● **INSTRUCTIONS TO FOLLOW**:
Leaving out the pictures, copy each record below exactly.

### THE INPUT

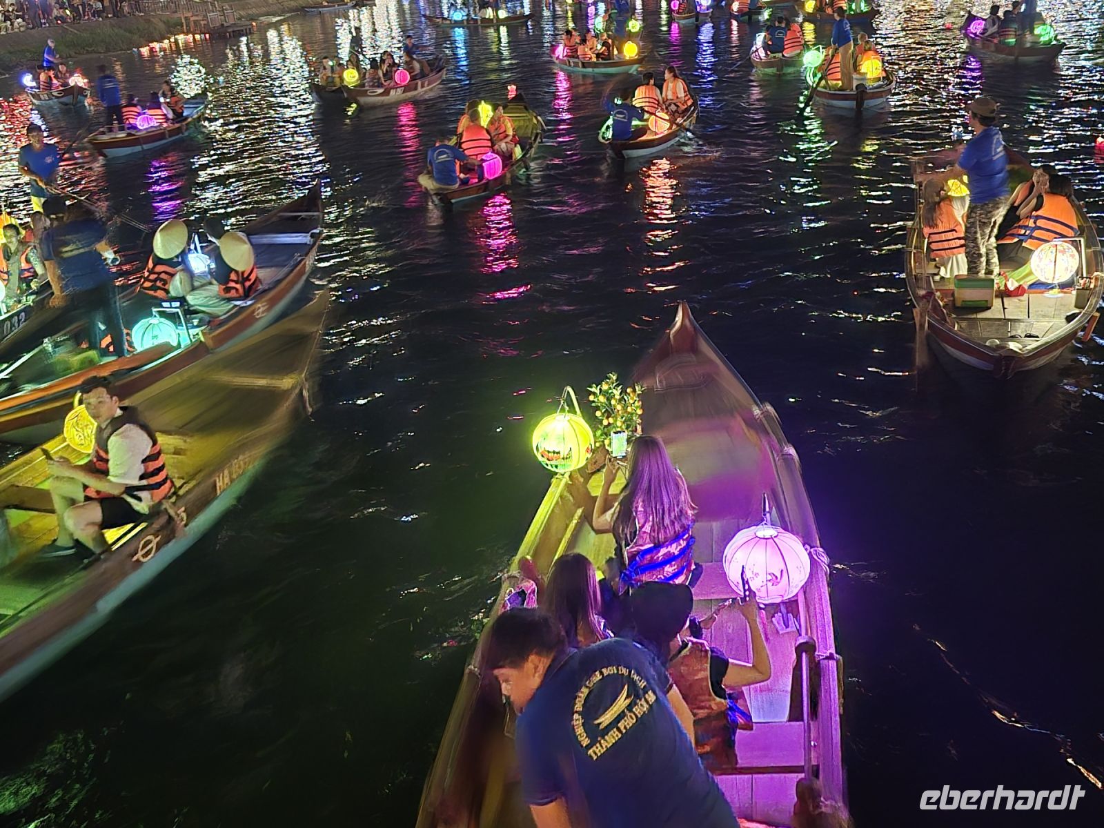 Hoi An ist die Lampion Stadt in Vietnam. Jeden Abend wird die die Stadt mit tausenden Lampions beleuchtet. Auf dem Fluss schwimmen Boote geschmückt mit Lampions, und für Glück im Leben werden kleine Pappboote mit einer Kerze in den Fluss abgesetzt. Das ist natürlich unser Interesse dieses bunte Lichterspektakel anzuschauen. Wir fahren in die Stadt bummeln nochmal durch die Gassen, unsere Fotografen können gar nicht genug Motive entdecken. Überall riecht es nach leckerem Essen entweder in kleinen Garständen oder in den Restaurants. Auch wir treffen uns zu unserem gemeinsamen Abendessen hier in der Altstadt und sind mal wieder komplett begeistert von unserem Menü.
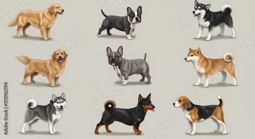 cute dog clip art, featuring a variety of dog breeds
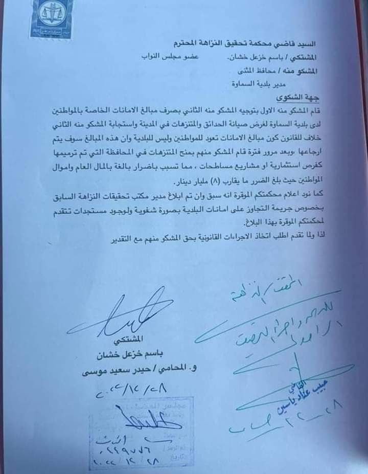 بالوثيقة .. خشان يرفع دعوى ضد محافظ المثنى ومدير بلديه لاهدارهما ٨ مليارات دينار
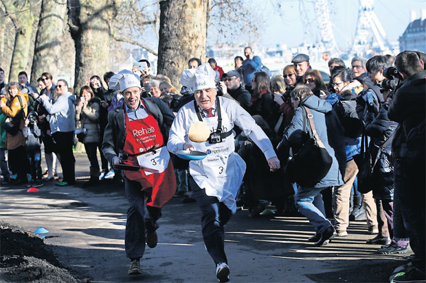 การแข่งขันวิ่งถือกระทะแพนเค้กบริเวณใกล้กับรัฐสภาแห่งสหราชอาณาจักร ได้สร้างความฮือฮาไปทั่วเกาะแห่งนี้ และทั่วโลกก็พากันขำ
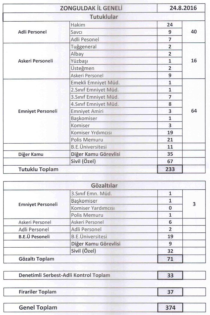 Zonguldak Valiliği Basın ve Halkla İlişkiler Müdürlüğü “OHAL Bürosu 3. Nolu Açıklamasını” gönderdi. 15 Temmuz akşamı yaşanan “ülkemizdeki Anayasal düzeni cebir ve şiddet kullanarak ortadan kaldırmaya yönelik” hain ve kanlı darbe girişiminin andından Zonguldak’ta kolluk kuvvetleri tarafından sürdürülen çalışmalarda 40’ı savcı ve adliye personeli olmak üzere, toplamda 233 kişinin tutuklandığı açıklandı. OHAL’ın açıklamasındaki güncel bilgilerine göre: "33 kişinin denetimli serbestlikle salıverildiği, 37 kişinin firari durumda ve aranıyor. 71 kişinin gözaltında olup, savcılığa gönderilmeyi beklediği soruşturmalar yoğun bir şekilde devam ettiği " bilgisine yer verildi.
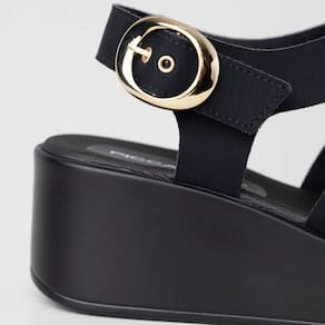 Salto anabela médio que proporciona estabilidade ao caminhar
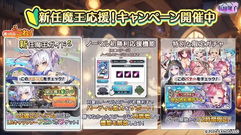 「難しくて進めない…」という新任魔王様もご安心ください!対象のノーマルステージ初勝利まで、パーティの能力をしっかりサポートいたします。 |
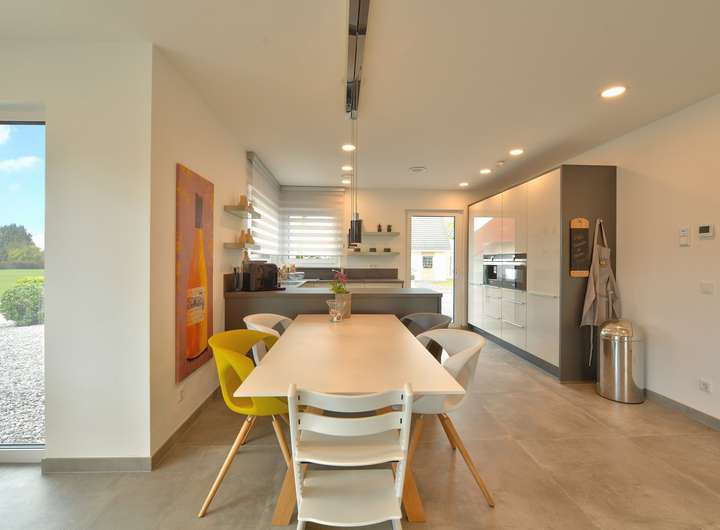 Das Einfamilienhaus von LivingHaus überzeugt durch eine umfangreiche Ausstattung, die keine Wünsche offenlässt. Du erhältst eine hochmoderne Traumküche, die perfekt auf deinen Grundriss abgestimmt ist und mit modernster Technik sowie cleveren Stauraumlösungen begeistert. Das Zuhause-Paket beinhaltet bereits eine hochwertige Grundausstattung mit stilvollen Sanitäranlagen, edlen Türen und modernen Böden. Zudem profitierst du von der innovativen I-KON-Lösung, die umweltfreundliches und energieeffizientes Bauen ermöglicht.
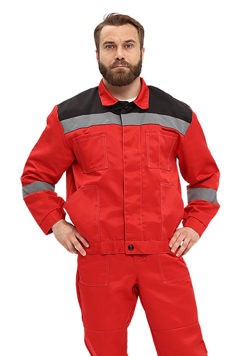 Костюм мужской, летний, прямого силуэта, состоит из куртки и полукомбинезона. Куртка: - центральная супатная застежка на пуговицы - отложной воротник - кокетки полочек и спинки выделены световозвращающей лентой СОП - нагрудные накладные карманы с отделением под ручку - нижние объемные накладные карманы - рукав на притачной манжете с застежкой на пуговицу, выделены световозвращающей лентой СОП, в области локтя-усилительные накладки - притачной, регулируемый по ширине за счет эластичной тесьмы “резинка” по боковым сторонам, пояс Полукомбинезон: - отрезная грудка на притачном поясе; - регулируемые по длине бретели; - нагрудный карман с защитным клапаном на контактной ленте “липучка” - объемные боковые накладные карманы; - центральная застежка гульфик на молнии - дополнительная застежка на пуговицу в правом боковом шве - линия талии спинки регулируется по ширине за счет эластичной тесьмы “резинка” - нижняя часть выделена световозвращающей лентой СОП
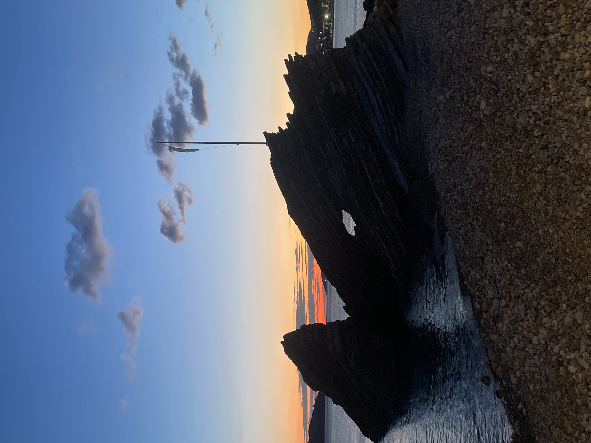 The image depicts a coastal scene at dusk in Boreti, Montenegro. The sky transitions from a deep blue overhead to vibrant orange and red hues at the western horizon, indicative of sunset. Scattered dark grey cumulus clouds are present in the blue portion of the sky. In the foreground, two prominent dark rock formations are silhouetted against the setting sun. The larger formation, positioned right of center, exhibits distinct horizontal geological layering and features a natural, irregular aperture near its base on the left side. A tall, slender pole, bearing a white, elongated fabric object resembling a banner or windsock, extends vertically from the apex of this larger rock. To the left, a smaller, pointed rock formation rises directly from the water. The immediate foreground comprises a dark pebble beach, which transitions into calm, dark blue sea water. In the distant background to the right, a stretch of illuminated buildings or streetlights is visible along a coastline, while a faint, low-lying landmass is discernible on the left horizon. No human figures or active elements are present.
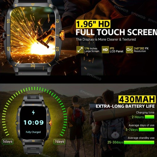 1 шт. мужские тактические военные умные часы, экран HD 1,96

######

● **TASK ANSWER**:
 Hoi An ist die Lampion Stadt in Vietnam. Jeden Abend wird die die Stadt mit tausenden Lampions beleuchtet. Auf dem Fluss schwimmen Boote geschmückt mit Lampions, und für Glück im Leben werden kleine Pappboote mit einer Kerze in den Fluss abgesetzt. Das ist natürlich unser Interesse dieses bunte Lichterspektakel anzuschauen. Wir fahren in die Stadt bummeln nochmal durch die Gassen, unsere Fotografen können gar nicht genug Motive entdecken. Überall riecht es nach leckerem Essen entweder in kleinen Garständen oder in den Restaurants. Auch wir treffen uns zu unserem gemeinsamen Abendessen hier in der Altstadt und sind mal wieder komplett begeistert von unserem Menü.
 cute dog clip art, featuring a variety of dog breeds
 بالوثيقة .. خشان يرفع دعوى ضد محافظ المثنى ومدير بلديه لاهدارهما ٨ مليارات دينار
 การแข่งขันวิ่งถือกระทะแพนเค้กบริเวณใกล้กับรัฐสภาแห่งสหราชอาณาจักร ได้สร้างความฮือฮาไปทั่วเกาะแห่งนี้ และทั่วโลกก็พากันขำ
 Zonguldak Valiliği Basın ve Halkla İlişkiler Müdürlüğü “OHAL Bürosu 3. Nolu Açıklamasını” gönderdi. 15 Temmuz akşamı yaşanan “ülkemizdeki Anayasal düzeni cebir ve şiddet kullanarak ortadan kaldırmaya yönelik” hain ve kanlı darbe girişiminin andından Zonguldak’ta kolluk kuvvetleri tarafından sürdürülen çalışmalarda 40’ı savcı ve adliye personeli olmak üzere, toplamda 233 kişinin tutuklandığı açıklandı. OHAL’ın açıklamasındaki güncel bilgilerine göre: "33 kişinin denetimli serbestlikle salıverildiği, 37 kişinin firari durumda ve aranıyor. 71 kişinin gözaltında olup, savcılığa gönderilmeyi beklediği soruşturmalar yoğun bir şekilde devam ettiği " bilgisine yer verildi.
 Salto anabela médio que proporciona estabilidade ao caminhar
 「難しくて進めない…」という新任魔王様もご安心ください!対象のノーマルステージ初勝利まで、パーティの能力をしっかりサポートいたします。 |
 Das Einfamilienhaus von LivingHaus überzeugt durch eine umfangreiche Ausstattung, die keine Wünsche offenlässt. Du erhältst eine hochmoderne Traumküche, die perfekt auf deinen Grundriss abgestimmt ist und mit modernster Technik sowie cleveren Stauraumlösungen begeistert. Das Zuhause-Paket beinhaltet bereits eine hochwertige Grundausstattung mit stilvollen Sanitäranlagen, edlen Türen und modernen Böden. Zudem profitierst du von der innovativen I-KON-Lösung, die umweltfreundliches und energieeffizientes Bauen ermöglicht.
 Костюм мужской, летний, прямого силуэта, состоит из куртки и полукомбинезона. Куртка: - центральная супатная застежка на пуговицы - отложной воротник - кокетки полочек и спинки выделены световозвращающей лентой СОП - нагрудные накладные карманы с отделением под ручку - нижние объемные накладные карманы - рукав на притачной манжете с застежкой на пуговицу, выделены световозвращающей лентой СОП, в области локтя-усилительные накладки - притачной, регулируемый по ширине за счет эластичной тесьмы “резинка” по боковым сторонам, пояс Полукомбинезон: - отрезная грудка на притачном поясе; - регулируемые по длине бретели; - нагрудный карман с защитным клапаном на контактной ленте “липучка” - объемные боковые накладные карманы; - центральная застежка гульфик на молнии - дополнительная застежка на пуговицу в правом боковом шве - линия талии спинки регулируется по ширине за счет эластичной тесьмы “резинка” - нижняя часть выделена световозвращающей лентой СОП
 The image depicts a coastal scene at dusk in Boreti, Montenegro. The sky transitions from a deep blue overhead to vibrant orange and red hues at the western horizon, indicative of sunset. Scattered dark grey cumulus clouds are present in the blue portion of the sky. In the foreground, two prominent dark rock formations are silhouetted against the setting sun. The larger formation, positioned right of center, exhibits distinct horizontal geological layering and features a natural, irregular aperture near its base on the left side. A tall, slender pole, bearing a white, elongated fabric object resembling a banner or windsock, extends vertically from the apex of this larger rock. To the left, a smaller, pointed rock formation rises directly from the water. The immediate foreground comprises a dark pebble beach, which transitions into calm, dark blue sea water. In the distant background to the right, a stretch of illuminated buildings or streetlights is visible along a coastline, while a faint, low-lying landmass is discernible on the left horizon. No human figures or active elements are present.
 1 шт. мужские тактические военные умные часы, экран HD 1,96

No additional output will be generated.